Try it:
Leaving out all pictures, reproduce the entries below exactly, from the first line through the line that contains "个股表现方面,基础建设行业当".

----

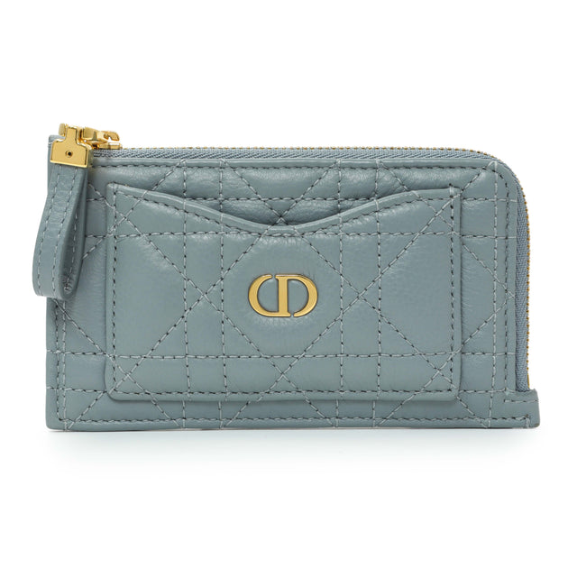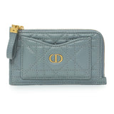 Christian Dior Blue Supple Calfskin Cannage Caro Cosmos Zipped Card Holder
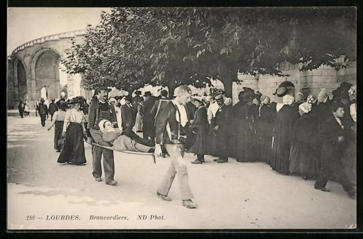 AK Lourdes, Brancardiers portant un malade devant la foule
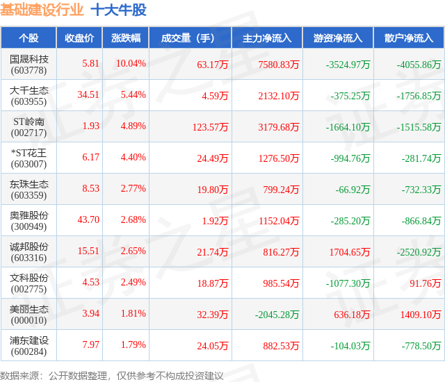 个股表现方面,基础建设行业当日领涨股为国晟科技(603778),该股当日报收5.81,上涨10.04%,成交量63.17万,主力资金净流入7580.83万元。大千生态(603955)以上涨5.44%紧随其后,该股当日成交量4.59万,主力资金净流入2132.1万元。除此之外,ST岭南(002717)、*ST花王(603007)、东珠生态(603359)均进入当日牛股之列。具体个股列表见下表:
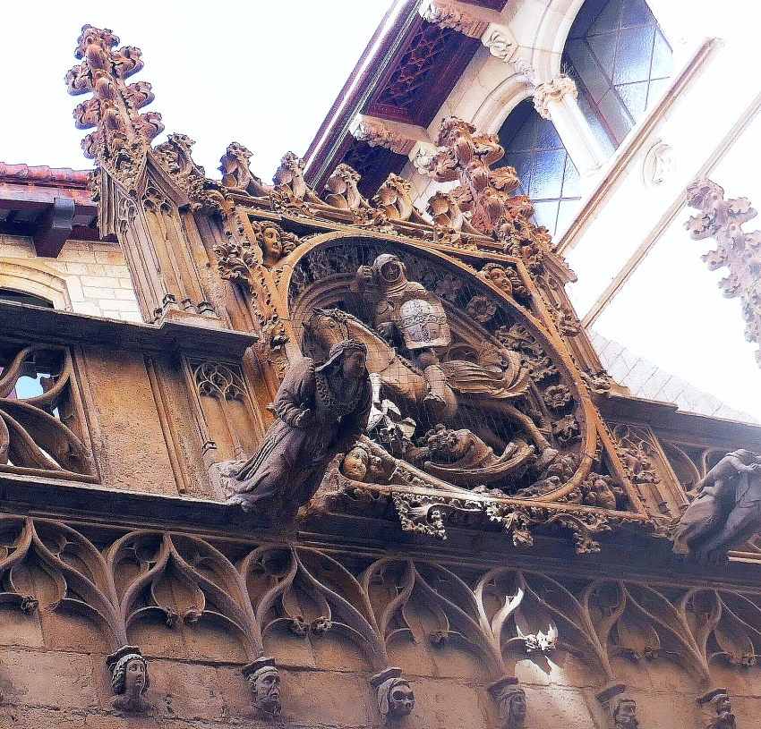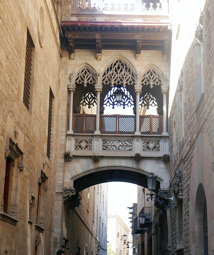We decided we would head back in the direction of the Cathedral along Carrer del Bisbe. We were looking for one of the most photographed sites in Barcelona, the Bishop’s Bridge (El Pont del Bisbe), a Neo-Gothic ‘fly-over’ across the alleyway that heads up to the back of Barcelona Cathedral.
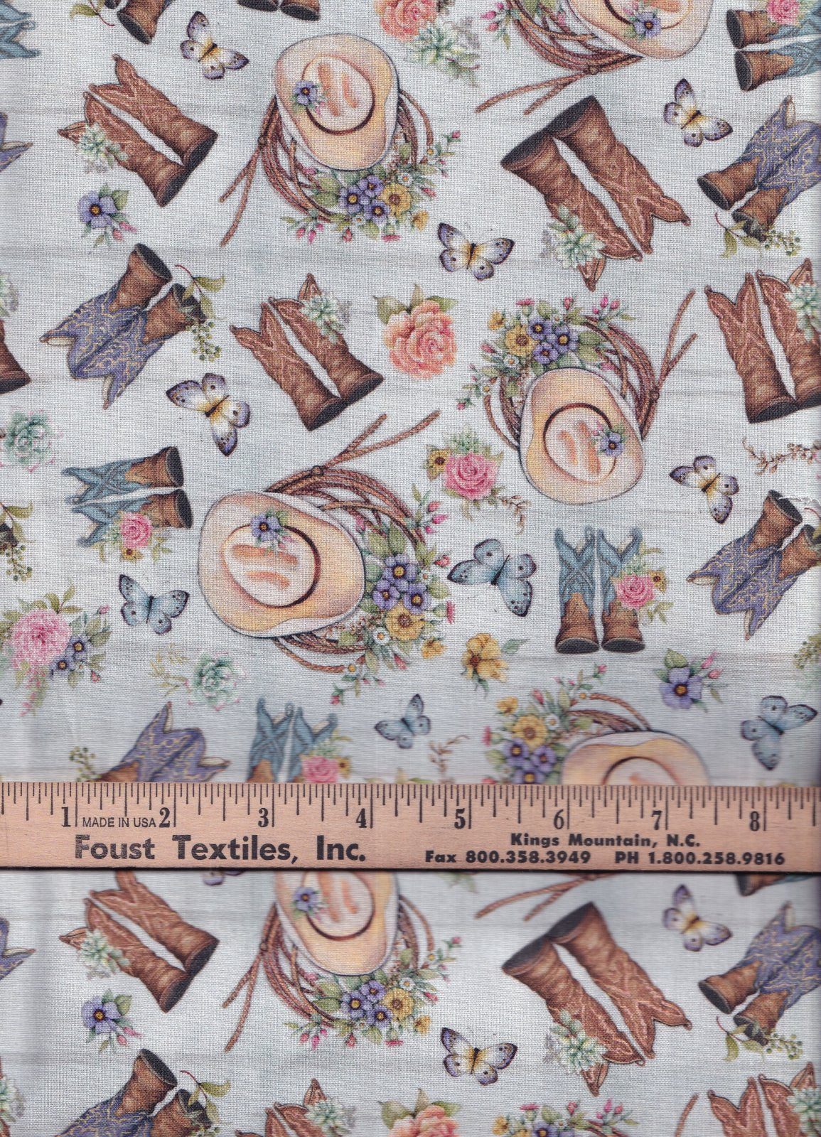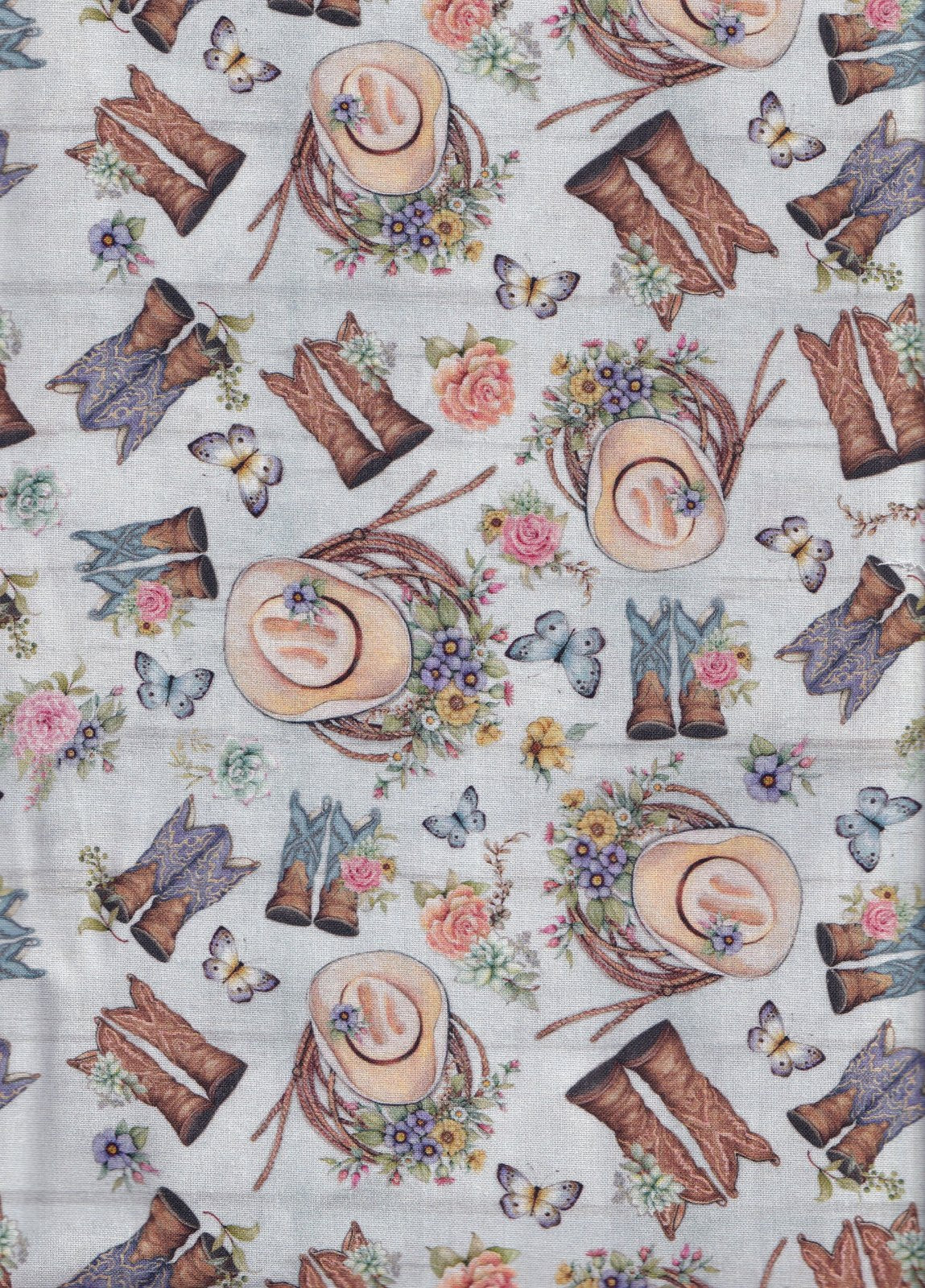 Dive into the whimsical charm of this delightful fabric featuring a tossed pattern of ornate cowboy boots in shades of soft blue and warm brown, artfully adorned with blooming roses, delicate butterflies, and succulent accents in pastel hues of pink, orange, and purple against a serene light blue background. The intricate western-inspired design blends rustic ranch vibes with floral elegance, creating a versatile textile perfect for crafting unique quilts, apparel, home decor accents, or upholstery projects that evoke a cozy, countryside feel. Ideal for DIY enthusiasts, this soft woven cotton fabric offers a smooth texture and vibrant print that brings a touch of bohemian flair to any creation, making it a standout choice for personalized gifts or seasonal crafts that celebrate nature and adventure. Sold by the yard, multiple yards will be continuous cut.
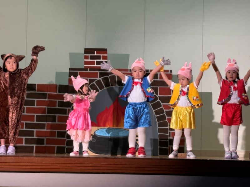 11/15(土)発表会がありました!小学校との合同発表会に参加しました。保育所の演目は「お遊戯」と「劇」の2つです。遊戯は「恋のダイヤル6700」。音楽に合わせてリズミカルに踊っている5名の子どもたち。特にお尻フリフリはノリノリでとっても可愛いかったですよ。劇「3匹のこぶた」は配役がちょうど5名で、お母さんぶた役は未満児さん。出番もセリフに合わせた振りもバッチリでお母さんぶたになりきっていました。3匹のこぶたがオオカミと奮闘する演技もしっかりできましたよ!年中、年少、未満児合わせて5名の子ども達は歌も披露して大勢の人が見ている前で頑張りました。
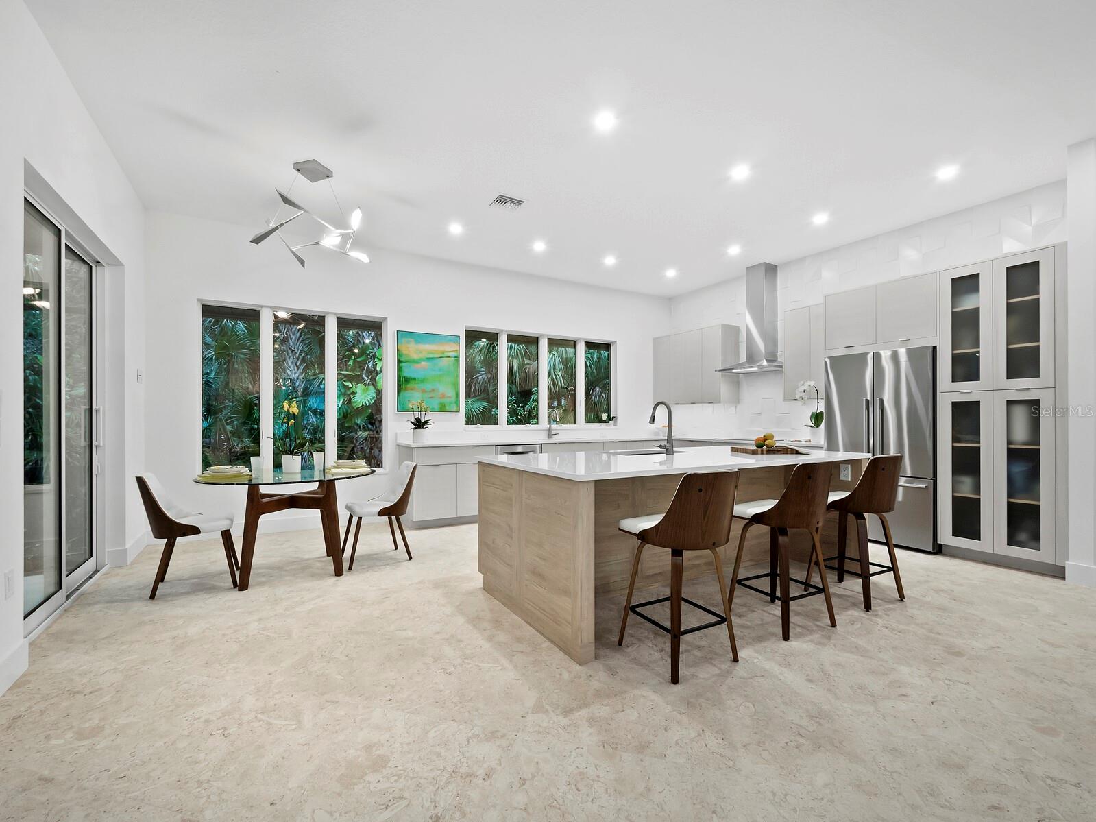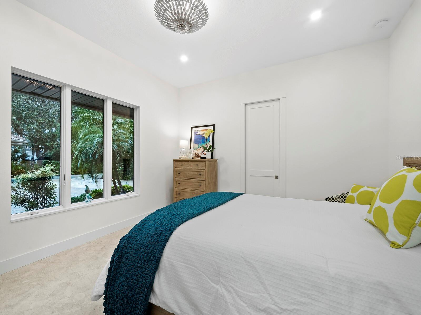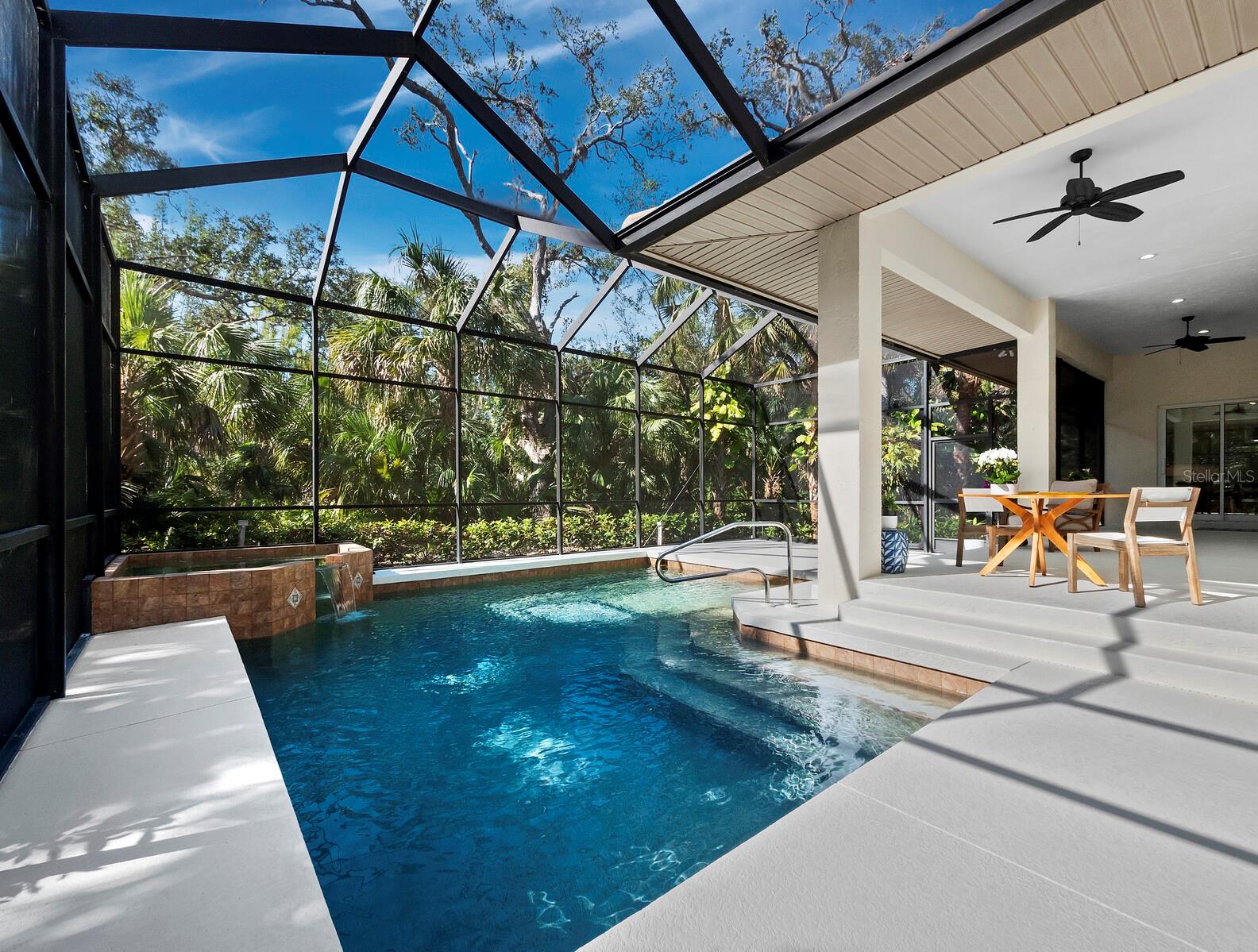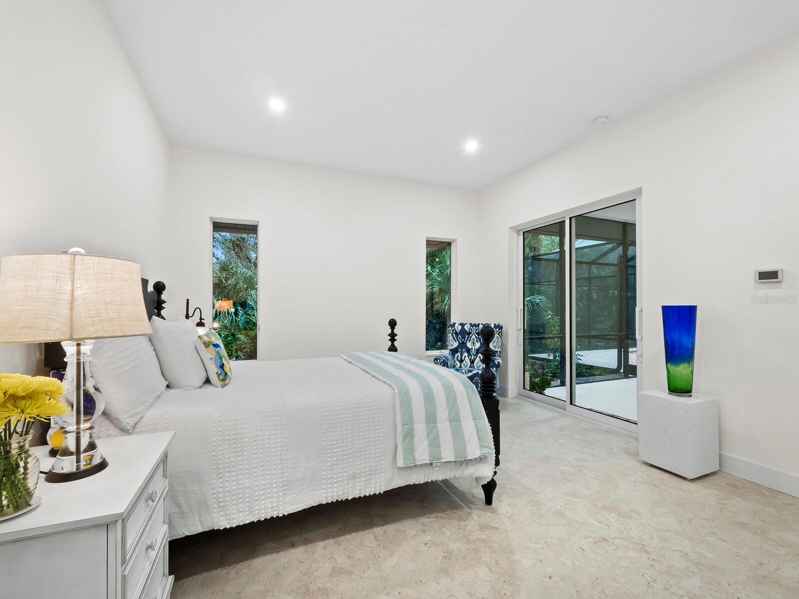 COMPLETELY RENOVATED and BETTER THAN NEW, this elegant executive home was taken down to the studs and rebuilt by Sarasota's premier builder, Jonas Yoder Custom Homes (2021-2022). No expense was spared in this full-scale transformation. Situated on nearly ONE ACRE of lush private preserve with xeriscape gardens and native Florida hammock, this home is a rare sanctuary in a high-demand, gated community--designed to offer protection from wind, rain, and drought. With nearly 3,000 sq. ft. under air and 4,293 sq. ft. under roof, this 4-bedroom, 3-bath split floorplan features soaring 12-ft ceilings, open-concept living, and top-tier finishes throughout. Highlights include Cambria Quartz countertops, custom solid wood cabinetry, trim, and doors, brand-new Bosch stainless steel appliances, imported 24" porcelain tile floors, new Trane AC/HVAC with heat pump, and a luxurious heated pool and spa with an extended screened patio and full outdoor kitchen. The renovation covered everything: studs, insulation, plumbing, electrical, subfloor, hurricane-rated doors and garage doors, impact-resistant windows, and roof deck. A whole-house liquid-cooled KOHLER GENERATOR with automatic transfer switch and 500-gallon propane tank ensures peace of mind during any storm. Other upgrades include a new concrete driveway with custom pavers, updated irrigation system and pump, low-voltage path lighting, and new stone walkways--all designed for durability and function. Thoughtfully re-engineered for modern living and efficiency, the home includes 10-ft hurricane-rated sliding glass doors, steel-reinforced entry and garage doors, clear Lexan storm shutters, open-cell spray foam insulation in attic and garage, new ductwork and breaker panels, and a complete re-pipe using PEX plumbing. Bathrooms were rebuilt with porcelain-tiled walk-in showers, Moen fixtures, and updated vanities. Energy efficiency and comfort are ensured with 3-zone smart thermostats, LED recessed lighting, and new attic ductwork. A moisture barrier under the new porcelain floors adds further protection and longevity. Even the drainage, gutters, and downspouts were redesigned for optimal performance. The 2018 roof replacement and structural fortifications make this home truly storm-season ready. Unlike superficial flips, this renovation was executed to the highest standards, with long-term value, safety, and low operating costs in mind. Located in the 24/7 guard-gated community of Laurel Oak Estates & Country Club--one of Sarasota's most prestigious neighborhoods--residents enjoy large estate lots, walkable sidewalks, mature landscaping, and optional social, tennis, and golf memberships. This home is PRICED BELOW REPLACEMENT COST and located in a non-evacuation zone. It's ready for immediate occupancy--no hidden costs, no delays, and nothing left to do but move in. Schedule your private tour today and experience modern luxury, total peace of mind, and the comfort of a truly turnkey home.

----

Solution:
 Christian Dior Blue Supple Calfskin Cannage Caro Cosmos Zipped Card Holder
 AK Lourdes, Brancardiers portant un malade devant la foule
 个股表现方面,基础建设行业当日领涨股为国晟科技(603778),该股当日报收5.81,上涨10.04%,成交量63.17万,主力资金净流入7580.83万元。大千生态(603955)以上涨5.44%紧随其后,该股当日成交量4.59万,主力资金净流入2132.1万元。除此之外,ST岭南(002717)、*ST花王(603007)、东珠生态(603359)均进入当日牛股之列。具体个股列表见下表:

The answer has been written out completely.